-- What you need to do --
Return only the lines from the start of the records through the line that contains "屋外には屋根付きBBQテラスを完備し、天候を問わずアウトドア料理を満喫可能。", inclusive; leave out all pictures.

-- Data to process --
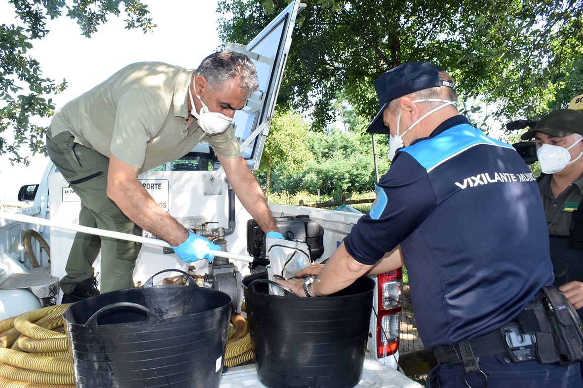 O alcalde, José María Bello Maneiro, asistiu esta mañá na Mina Mercedes á solta de cincocentos exemplares de troita por parte da Delegación Territorial da Xunta en Pontevedra, a través da Xefatura Territorial de Medio Ambiente.
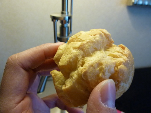 我們打算熬到最後幾分鐘才退房,現在才九點半,一身行頭大多昨晚已整理好,剩下一些隨身物品收一收、放進行李箱就可以了;桌上還有昨晚在「泡芙大師」買的兩顆泡芙,她拿起一顆、也給我拿了一顆,笑說,還是吃掉吧!
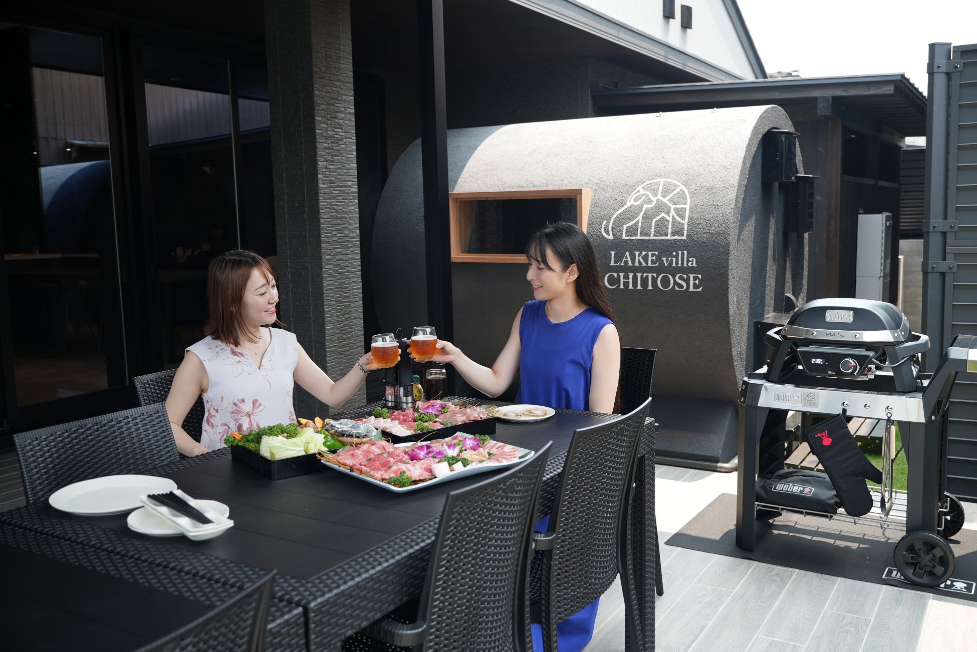 屋外には屋根付きBBQテラスを完備し、天候を問わずアウトドア料理を満喫可能。
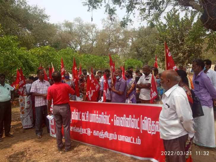 செங்கற்பட்டு மாவட்டத்தில் வல்லாஞ் சேரி, பொத்தேரி மக்களின் குடியிருப்புகளை 21 நாட்களில் அகற்றப்போவதாக 10.03.2022 அன்று 211 குடியிருப்புகளுக்கு நீர்வள ஆதாரத் துறையினர் அறிவிப்பு கொடுத்துள்ளனர். குடியிருப்புகளை அப்புறப்படுத்தக்கூடாது என்று 21.03.2022 அன்று செங்கற்பட்டு மாவட்ட ஆட்சியர் அலுவலகத்தை குடியிருப்பாளர் களுடன் குறைதீர் கூட்டத்தில் முற்றுகையிட்டு மாவட்ட ஆட்சியரிடம் இந்திய கம்யூனிஸ்ட் கட்சி (மார்க்சிஸ்ட் - லெனினிஸ்ட்) கிளை செயலாளர் ஹமீத் தலைமையில் மாவட்ட செயலாளர் சொ.இரணியப்பன் மனு கொடுத்தார். மாவட்ட ஆட்சியர் மனுவைப் பெற்றுக்கொண்டு குடியிருப்பு பகுதியை நேரில் பார்வையிடுவதாக உறுதியளித்தார். குடியிருப்பு மக்கள் மாவட்ட ஆட்சியரின் வருகையை எதிர் நோக்கியுள்ளனர். இதே பகுதியில் உள்ள SRM பல்கலைகழகத்தின் ஆக்கிரமிப்புகள் மீது அரசும், நீதிமன்றமும் நடவடிக்கை எடுக்கவில்லை.
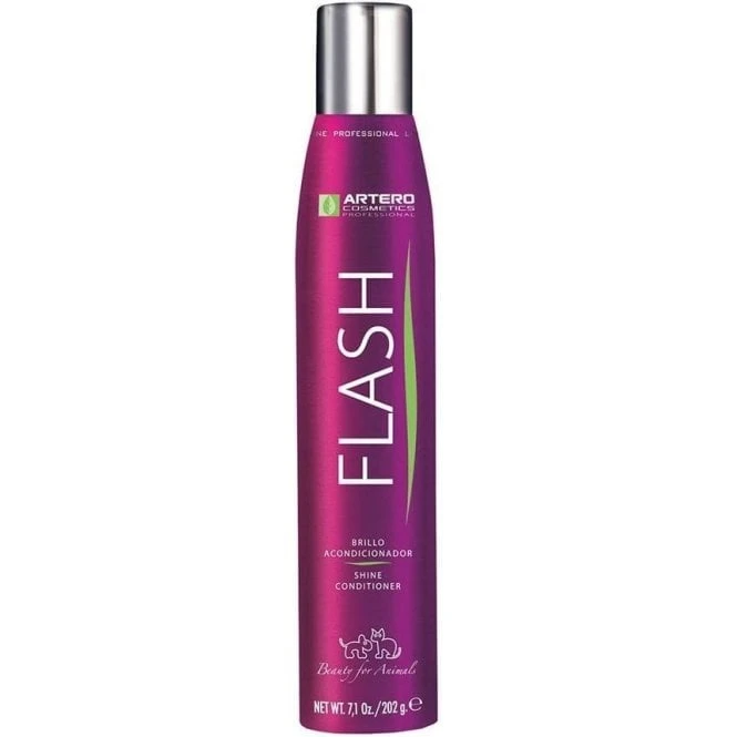 Artero Flash Shine Conditioner Spray gives an extraordinary shine and silky results to all coats. The careful selection of it’s components gives a non-greasy, conditioning effect which allows it’s use as a softner on a dry coat, giving it a shiny invisible film that prevents tangling and helps brushing.

-- Result --
 O alcalde, José María Bello Maneiro, asistiu esta mañá na Mina Mercedes á solta de cincocentos exemplares de troita por parte da Delegación Territorial da Xunta en Pontevedra, a través da Xefatura Territorial de Medio Ambiente.
 我們打算熬到最後幾分鐘才退房,現在才九點半,一身行頭大多昨晚已整理好,剩下一些隨身物品收一收、放進行李箱就可以了;桌上還有昨晚在「泡芙大師」買的兩顆泡芙,她拿起一顆、也給我拿了一顆,笑說,還是吃掉吧!
 屋外には屋根付きBBQテラスを完備し、天候を問わずアウトドア料理を満喫可能。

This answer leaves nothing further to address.